Action item: Return the records word for word. Any pictures in them are not part of the copy.

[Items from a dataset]
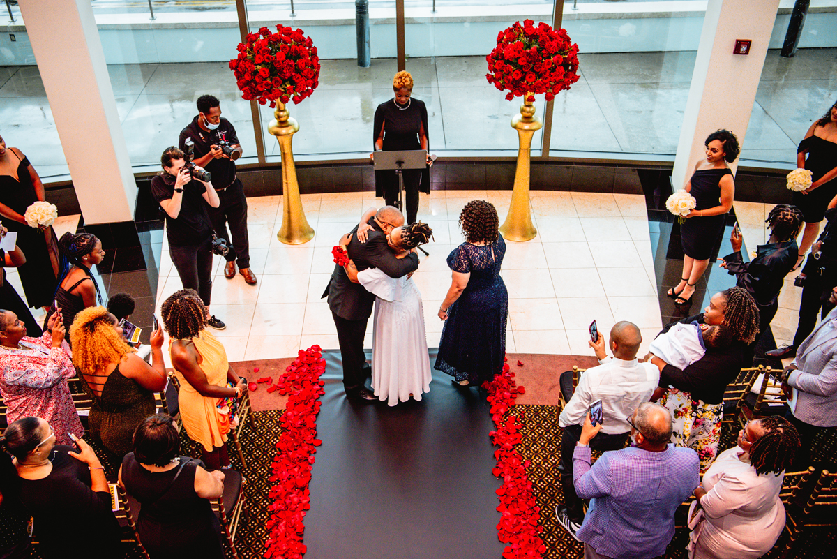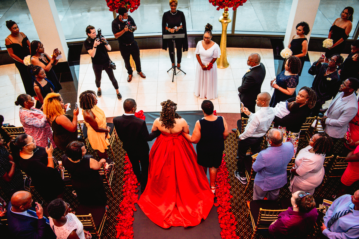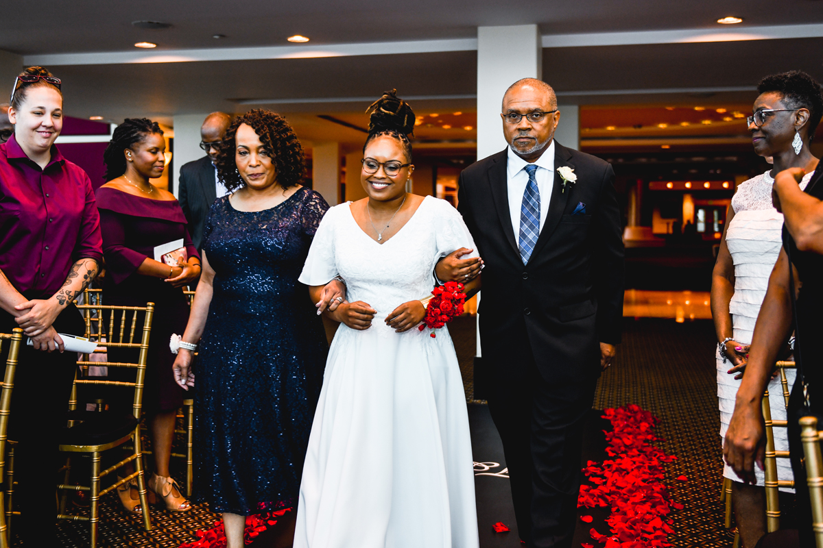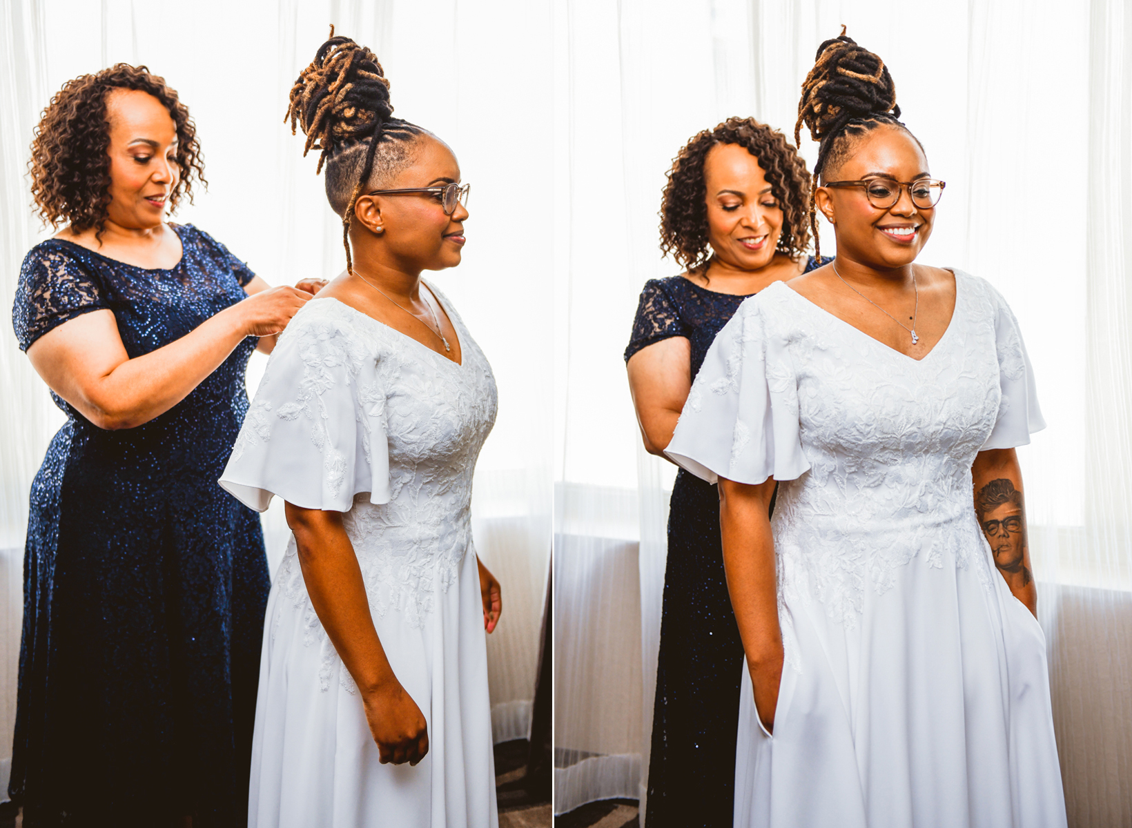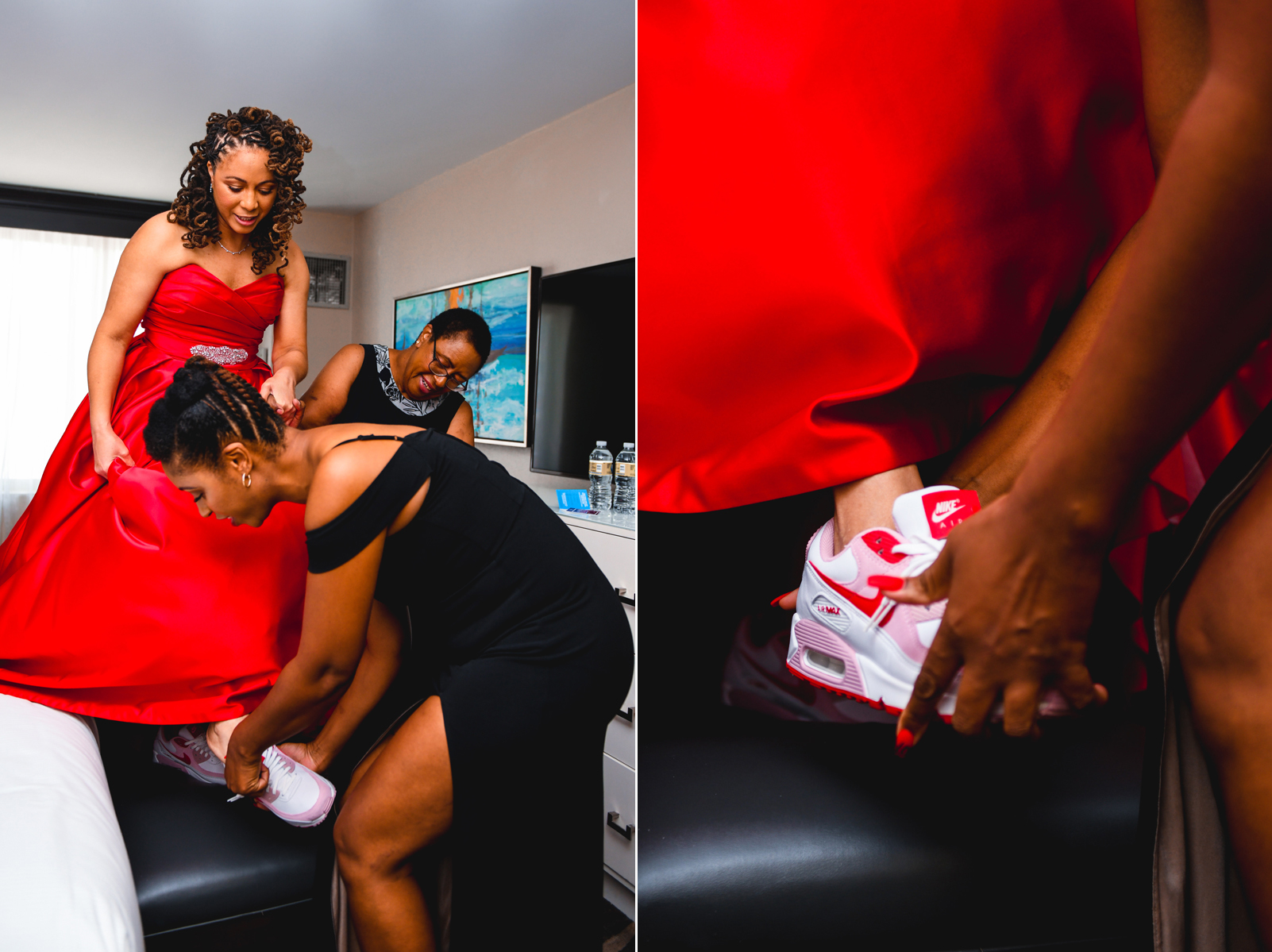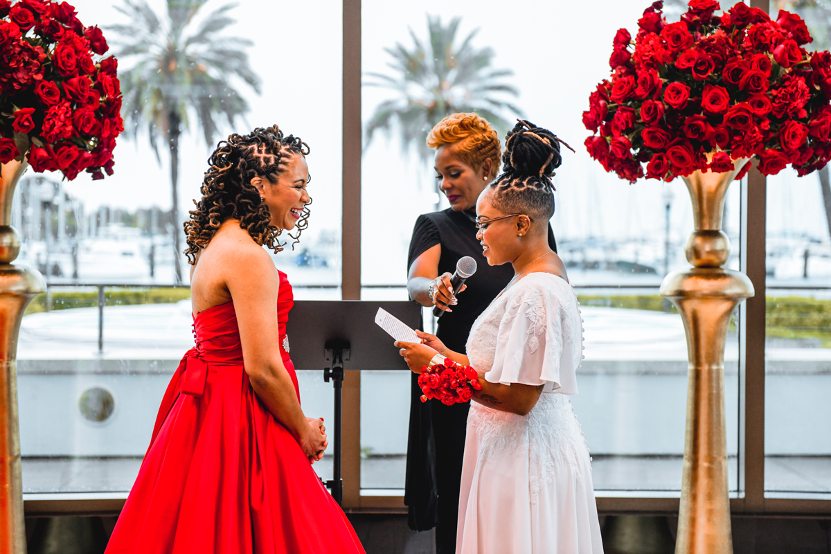 I first met Tiffiny and Jordyn at their Ybor engagement session and knew right off the bat their Mahaffey Theater wedding day was going to be epic. That was an understatement to say the least. Combining forces with Staci of UNIQUE Weddings and Events, the brain child that was Tiffiny and Jordyn’s wedding vision was executed flawlessly and is probably one of the most beautiful weddings I’ve photographed to date. Peep the reception detail shots to see what I’m talking about, but I’ll start back at the beginning. I spent the morning with Tiffiny and Jordyn as they both got ready together until they went in separate rooms to get dressed prior to their first look. I loved that they got to share their wedding morning together but still kept the tradition of waiting to see each other in their wedding dresses until their first look. After their first look in the hotel we migrated across the street to the Mahaffey Theater and took some show stopping portraits on the theater stage as we waited for guests to arrive for the ceremony. Perks of having a Mahaffey Theater wedding! The ceremony took place in front east facing windows looking out towards the bay and all the sailboats in the harbor. An afternoon thunderstorm had rolled in so the added dramatics of a lightning striking all around was a big hit with the guests. After a surprise musical guest during the vows and the rings were exchanged, Tiffiny and Jordyn became wife and wife and danced all the way back down the aisle. The rest of the evening was filled with a stunning custom dessert station, dinner, drinks and lots of dancing. Congrats Tiffiny and Jordyn, I’m so happy I got to capture this day for you!
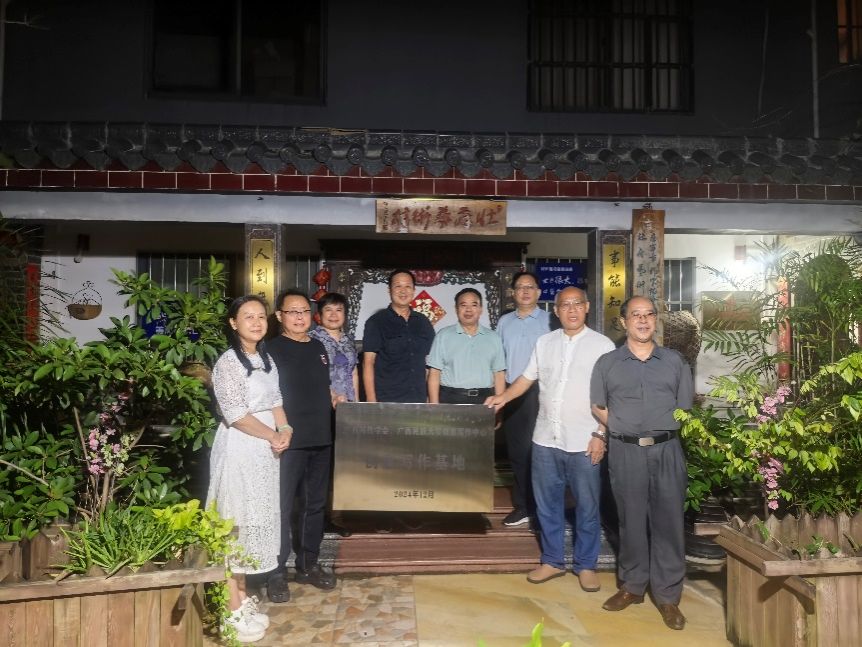 9月29日,73882必赢最新官网创意写作中心成员赴壮府艺术村,举行“广西写作学会、73882必赢最新官网创意写作中心创意写作基地”揭牌仪式。创意写作中心主任容本镇,执行主任陆晓芹,副主任郭金世,以及创意写作中心教师周楷棋出席。壮府艺术村创作基地负责人冯三四热情接待。出席仪式的还有广西文联原副主席张耀民、广西作协秘书长杨合、广西作协副主席刘春、南宁市作协主席丘晓兰、自治区社科联科普部主任杨辉等领导。
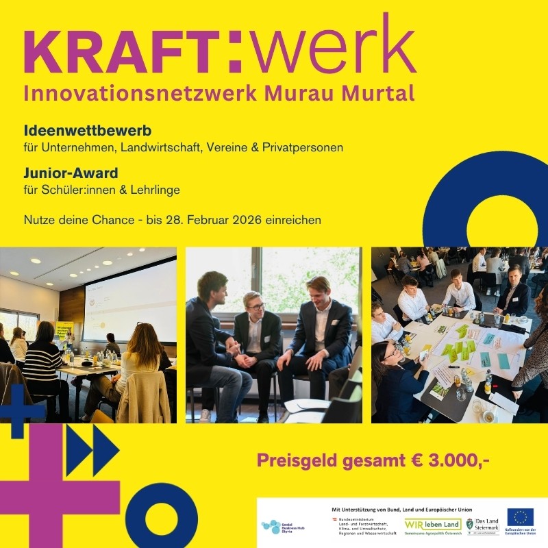 Wir freuen uns sehr, den KRAFT:werk Ideenwettbewerb in Kooperation mit dem Social Business Hub Styria vorzustellen:
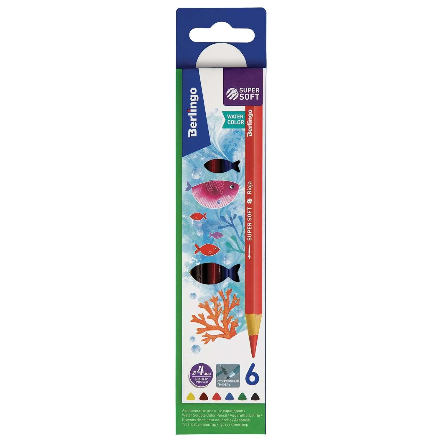 Карандаши акварельные 6 цветов Berlingo "SuperSoft. Рыбки" (L=180мм, D=7мм, 3гр) картон (SSA1706), 24 уп.
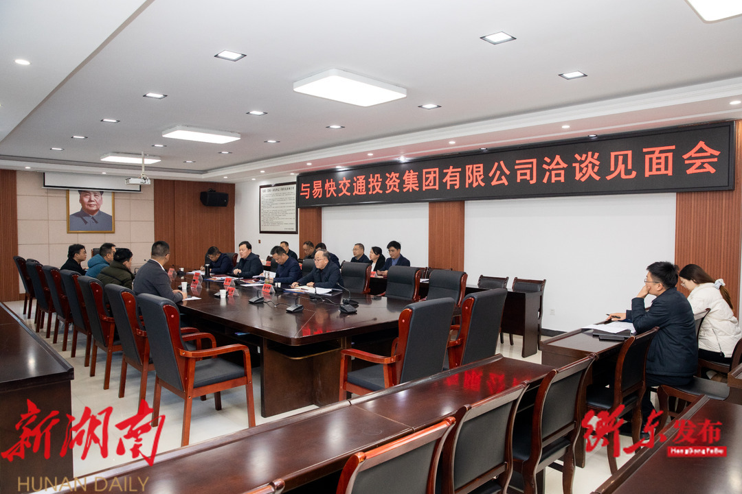 衡东融媒12月20日讯(融媒体记者 谭忠 谭碧婷)12月20日,县委书记谭建华主持召开与易快交通投资集团有限公司洽谈见面会,双方就开展项目合作、促进互利共赢进行深入交流。县委副书记、统战部部长伍松出席。
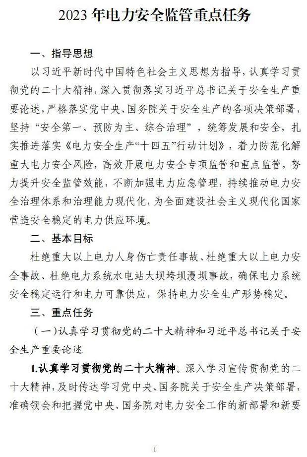 為貫徹落實(shí)黨的二十大精神,扎實(shí)做好2023年電力安全監(jiān)管工作,確保電力系統(tǒng)安全穩(wěn)定運(yùn)行和電力可靠供應(yīng),推動(dòng)全國(guó)電力安全生產(chǎn)形勢(shì)持續(xù)穩(wěn)定向好,我局制定了《2023年電力安全監(jiān)管重點(diǎn)任務(wù)》?,F(xiàn)印發(fā)給你們,請(qǐng)結(jié)合本地區(qū)、本單位實(shí)際,認(rèn)真貫徹落實(shí)。
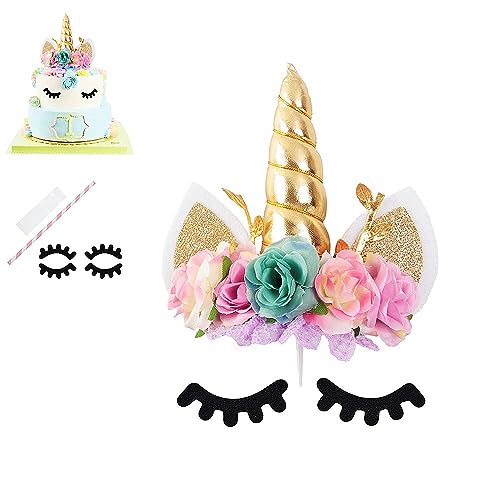 Enhörning tårta toppare guldkaka toppare för födelsedag, bröllop, fest, tårtdekoration, söta horn öron och ögonfransar, tårta dekoration, för fest, babyparty (regnbågsfärg)
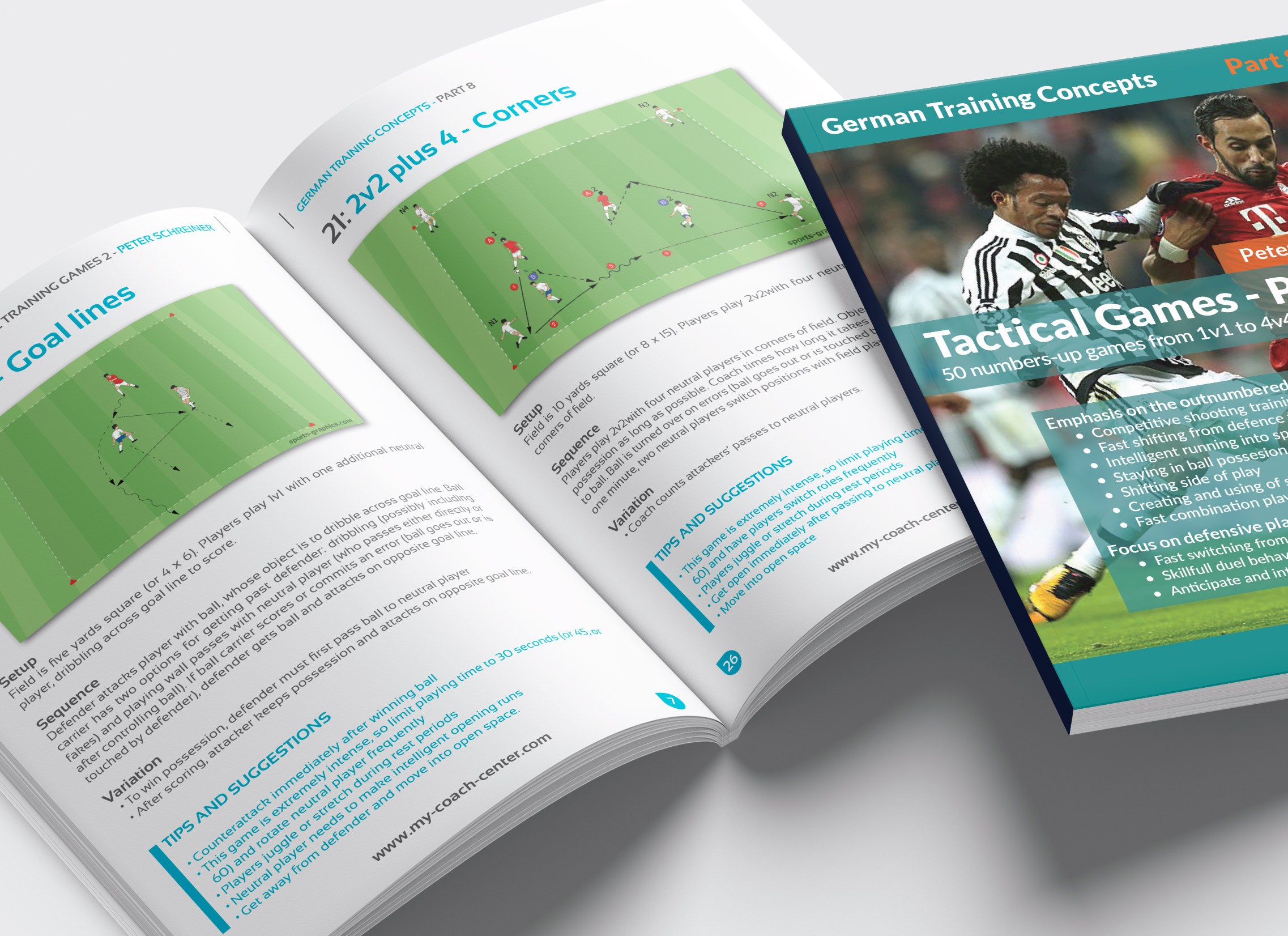 The second part of the “Tactical Games” is about position games with neutral players from 1 against 1 to 4 against 4, vary the number of “Jokers” and their position inside and outside the field. Help the players getting as many chances to score and then use them perfectly. With the tactical games of this book the following focal points can be coached:
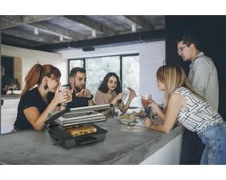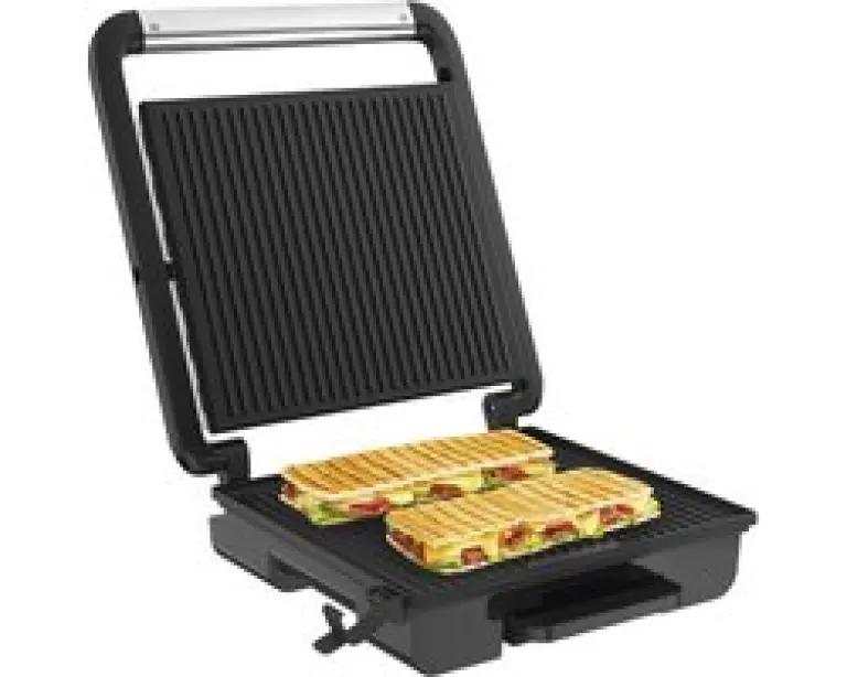 Een multifunctionele contactgrill met 3-standen thermostaat voor o.Aa vlees vis of grunten.
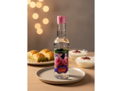 Růžová voda je tradičním orientálním produktem využívaným v kuchyni i při péči o pleť. Příjemná vůně růží, jemná chuť, vhodná do dezertů, nápojů a jako přírodní osvěžovač.
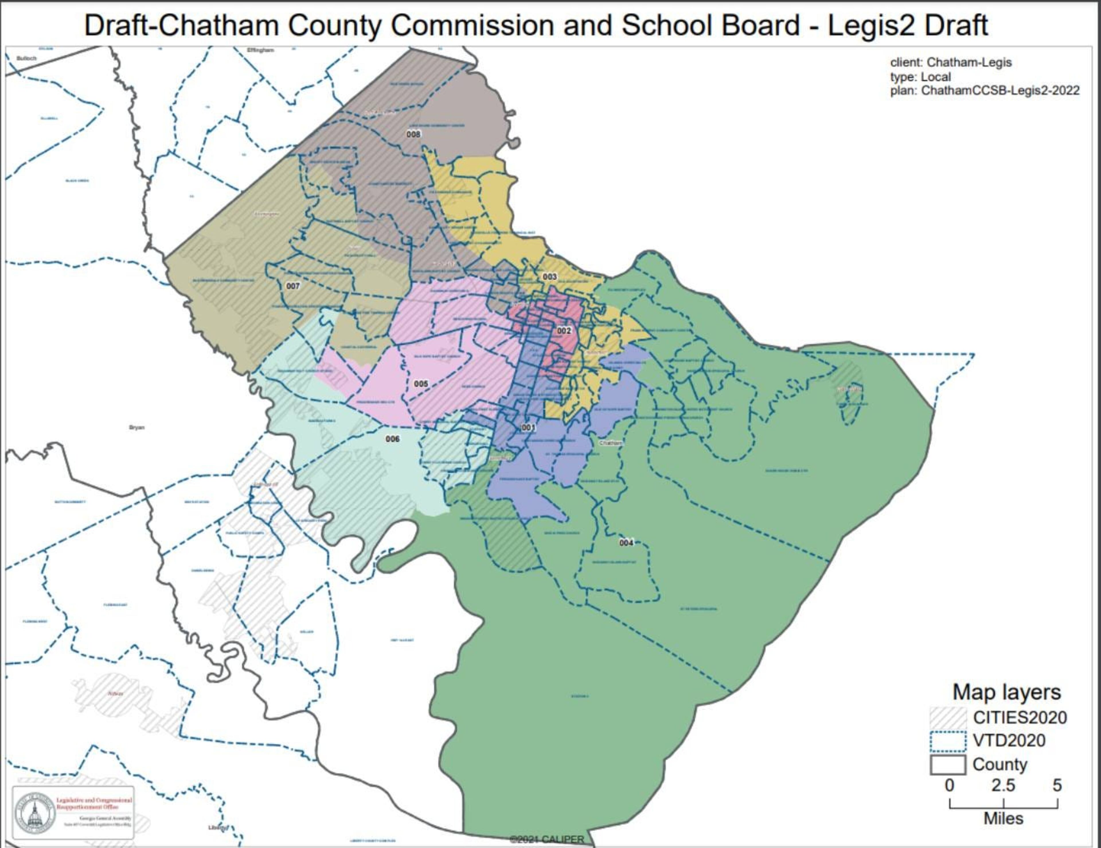 The map is the latest revisions of a draft originally drawn by the Chatham-Savannah Metropolitan Planning Commission. Two Republican county commissioners protested changes to their districts in that map, which led GOP state lawmakers to seek refinements and touched off a partisan disagreement with Chatham Commission Chairman Chester Ellis, a Democrat.

Exercise response:
 I first met Tiffiny and Jordyn at their Ybor engagement session and knew right off the bat their Mahaffey Theater wedding day was going to be epic. That was an understatement to say the least. Combining forces with Staci of UNIQUE Weddings and Events, the brain child that was Tiffiny and Jordyn’s wedding vision was executed flawlessly and is probably one of the most beautiful weddings I’ve photographed to date. Peep the reception detail shots to see what I’m talking about, but I’ll start back at the beginning. I spent the morning with Tiffiny and Jordyn as they both got ready together until they went in separate rooms to get dressed prior to their first look. I loved that they got to share their wedding morning together but still kept the tradition of waiting to see each other in their wedding dresses until their first look. After their first look in the hotel we migrated across the street to the Mahaffey Theater and took some show stopping portraits on the theater stage as we waited for guests to arrive for the ceremony. Perks of having a Mahaffey Theater wedding! The ceremony took place in front east facing windows looking out towards the bay and all the sailboats in the harbor. An afternoon thunderstorm had rolled in so the added dramatics of a lightning striking all around was a big hit with the guests. After a surprise musical guest during the vows and the rings were exchanged, Tiffiny and Jordyn became wife and wife and danced all the way back down the aisle. The rest of the evening was filled with a stunning custom dessert station, dinner, drinks and lots of dancing. Congrats Tiffiny and Jordyn, I’m so happy I got to capture this day for you!
 9月29日,73882必赢最新官网创意写作中心成员赴壮府艺术村,举行“广西写作学会、73882必赢最新官网创意写作中心创意写作基地”揭牌仪式。创意写作中心主任容本镇,执行主任陆晓芹,副主任郭金世,以及创意写作中心教师周楷棋出席。壮府艺术村创作基地负责人冯三四热情接待。出席仪式的还有广西文联原副主席张耀民、广西作协秘书长杨合、广西作协副主席刘春、南宁市作协主席丘晓兰、自治区社科联科普部主任杨辉等领导。
 Wir freuen uns sehr, den KRAFT:werk Ideenwettbewerb in Kooperation mit dem Social Business Hub Styria vorzustellen:
 Карандаши акварельные 6 цветов Berlingo "SuperSoft. Рыбки" (L=180мм, D=7мм, 3гр) картон (SSA1706), 24 уп.
 衡东融媒12月20日讯(融媒体记者 谭忠 谭碧婷)12月20日,县委书记谭建华主持召开与易快交通投资集团有限公司洽谈见面会,双方就开展项目合作、促进互利共赢进行深入交流。县委副书记、统战部部长伍松出席。
 為貫徹落實(shí)黨的二十大精神,扎實(shí)做好2023年電力安全監(jiān)管工作,確保電力系統(tǒng)安全穩(wěn)定運(yùn)行和電力可靠供應(yīng),推動(dòng)全國(guó)電力安全生產(chǎn)形勢(shì)持續(xù)穩(wěn)定向好,我局制定了《2023年電力安全監(jiān)管重點(diǎn)任務(wù)》?,F(xiàn)印發(fā)給你們,請(qǐng)結(jié)合本地區(qū)、本單位實(shí)際,認(rèn)真貫徹落實(shí)。
 Enhörning tårta toppare guldkaka toppare för födelsedag, bröllop, fest, tårtdekoration, söta horn öron och ögonfransar, tårta dekoration, för fest, babyparty (regnbågsfärg)
 The second part of the “Tactical Games” is about position games with neutral players from 1 against 1 to 4 against 4, vary the number of “Jokers” and their position inside and outside the field. Help the players getting as many chances to score and then use them perfectly. With the tactical games of this book the following focal points can be coached:
 Een multifunctionele contactgrill met 3-standen thermostaat voor o.Aa vlees vis of grunten.
 Růžová voda je tradičním orientálním produktem využívaným v kuchyni i při péči o pleť. Příjemná vůně růží, jemná chuť, vhodná do dezertů, nápojů a jako přírodní osvěžovač.
 The map is the latest revisions of a draft originally drawn by the Chatham-Savannah Metropolitan Planning Commission. Two Republican county commissioners protested changes to their districts in that map, which led GOP state lawmakers to seek refinements and touched off a partisan disagreement with Chatham Commission Chairman Chester Ellis, a Democrat.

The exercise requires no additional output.